LINQ implementation using value typed enumerators.
The goal of this project is to provide an option to reduce the number of heap allocations (in best case completely avoid) while you can still preserve the convenience of using LINQ-like operators.
By default, enumerables and their enumerator pairs are reference types. So, every time you call a .Select(d => d.Id)
or a .Where(u => u.Enabled)
, you allocate at least one or two instances to the heap. If you work in a performance critical environment, like measuring samples at a high frequency, or reading data as a server, you have two choices:
- Write a specialized algorithm the iterative way, so you can decide what to put where to avoid allocations, but also lose the readability and maintainability compared to a functional implementation what LINQ is good at.
- Use LINQ but allocate to the heap in each itaration, literally producing garbage, putting high pressure on GC.
IEnumerable<T>
and IEnumerator<T>
are interfaces, which means that even if you would have a value type (struct
) implementation that implements those interfaces, but you would refer to the instance as the interface, you would end up with boxing, and create a reference on the heap anyway. But less people know, that if you have a foreach
statement or either use the query syntax, the C# compiler doesn't require the collection to implement those interfaces, but uses patterns instead. So even if the type doesn't implement the interface, but implements an appropriate GetEnumerator()
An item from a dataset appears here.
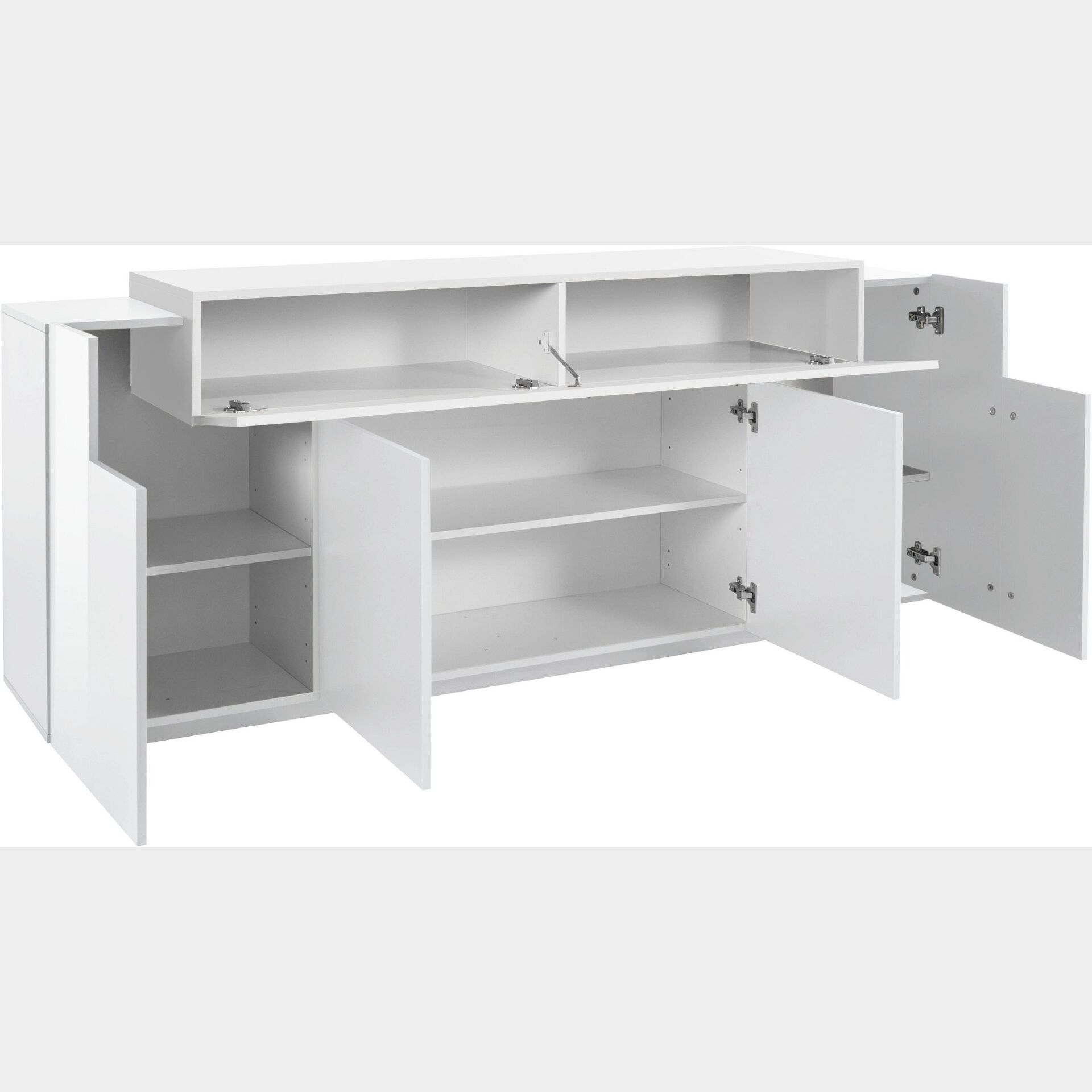 La credenza moderna garantisce un'ampia capienza grazie alle 4 ante battenti e alla ribalta superiore.
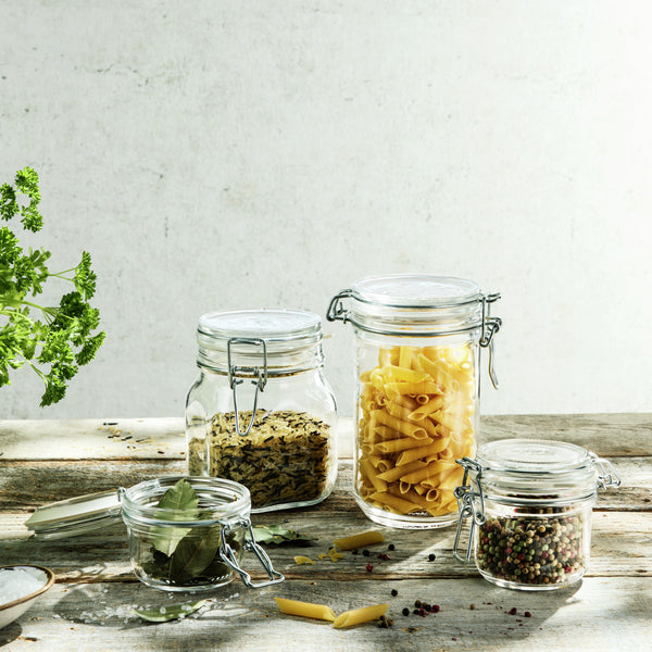 Słoik z wieczkiem wykonany z odpornego na uderzenia szkła, z gumowaną uszczelką i metalowym zawiasem. Idealny do przechowywania żywności. Szkło można myć w zmywarce. Uszczelka i metalowy pierścień nie nadają się do mycia w zmywarce.

method, it is able to use that. Also, it is smart enough to choose a value type implementation over the interface implementation, if you have one. For this reason, many of the built-in types (e.g. StringTokenizer) use value type enumerators to avoid allocations.
So, this project provides you a (limited) 3rd option where you can have the advantages of both worlds: write more readable, functional code, while not having to worry about allocations.
The extensions methods are in the System.Linq
namespace, but they are all prefixed with Value
.
You can use them in high performance scenarios, like parsing GPS data from a CSV-like (NMEA) format. The following code snippet is easy to read and maintain, while it is allocation free and parses each line only once.
if (line.StartsWith("$GPGGA"))
{
var parts = new StringTokenizer(line, Separators);
foreach (var (index, part) in parts.ValueSelect((s, i) => (index: i, part: s)))
{
switch (index)
{
case 2:
Double.TryParse(part, NumberStyles.Float, CultureInfo.InvariantCulture, out latitude);
break;
case 4:
Double.TryParse(part, NumberStyles.Float, CultureInfo.InvariantCulture, out longitude);
break;
case 6:
Int32.TryParse(part, NumberStyles.Integer, CultureInfo.InvariantCulture, out quality);
break;
}
}
}
Or you can use them with regular reference type collections, like this:
foreach (var item in products.ValueWhere(p => p.Price < 1000))
{
Console.WriteLine(item.Name);
}
Operator | IEnumerable<T> (references) | StringTokenizer | ReadOnlySpan<T> |
---|---|---|---|
Append |
X | ||
Concat |
X | ||
Except |
X | ||
Intersect |
X | ||
Join |
X | ||
Prepend |
X | ||
Select |
X | X | X |
SelectMany |
X | ||
Skip |
X | ||
SkipWhile |
X | ||
Take |
X | ||
TakeWhile |
X | ||
Where |
X | X | |
Zip |
X |
Support is planned for ReadOnlySpan<T>
and ReadOnlySequence<T>
as well.
Method | Mean | Error | StdDev | Gen 0 | Gen 1 | Gen 2 | Allocated |
---|---|---|---|---|---|---|---|
Select | 156.2 ns | 0.77 ns | 0.60 ns | 0.0076 | - | - | 48 B |
ValueSelect | 138.2 ns | 0.24 ns | 0.19 ns | 0.0050 | - | - | 32 B |
Where | 100.9 ns | 1.81 ns | 1.51 ns | 0.0076 | - | - | 48 B |
ValueWhere | 121.5 ns | 1.61 ns | 1.50 ns | 0.0050 | - | - | 32 B |
Method | Mean | Error | StdDev | Gen 0 | Gen 1 | Gen 2 | Allocated |
---|---|---|---|---|---|---|---|
Select | 455.4 ns | 0.55 ns | 0.43 ns | 0.0253 | - | - | 160 B |
ValueSelect | 273.2 ns | 0.30 ns | 0.26 ns | - | - | - | - |
Where | 477.5 ns | 0.66 ns | 0.58 ns | 0.0267 | - | - | 168 B |
ValueWhere | 280.3 ns | 1.48 ns | 1.31 ns | - | - | - | - |
Measured on: BenchmarkDotNet=v0.12.1, OS=Windows 10.0.19041.329 (2004/?/20H1) Intel Core i7-8700K CPU 3.70GHz (Coffee Lake), 1 CPU, 12 logical and 6 physical cores
- Chaining operators may result in boxing.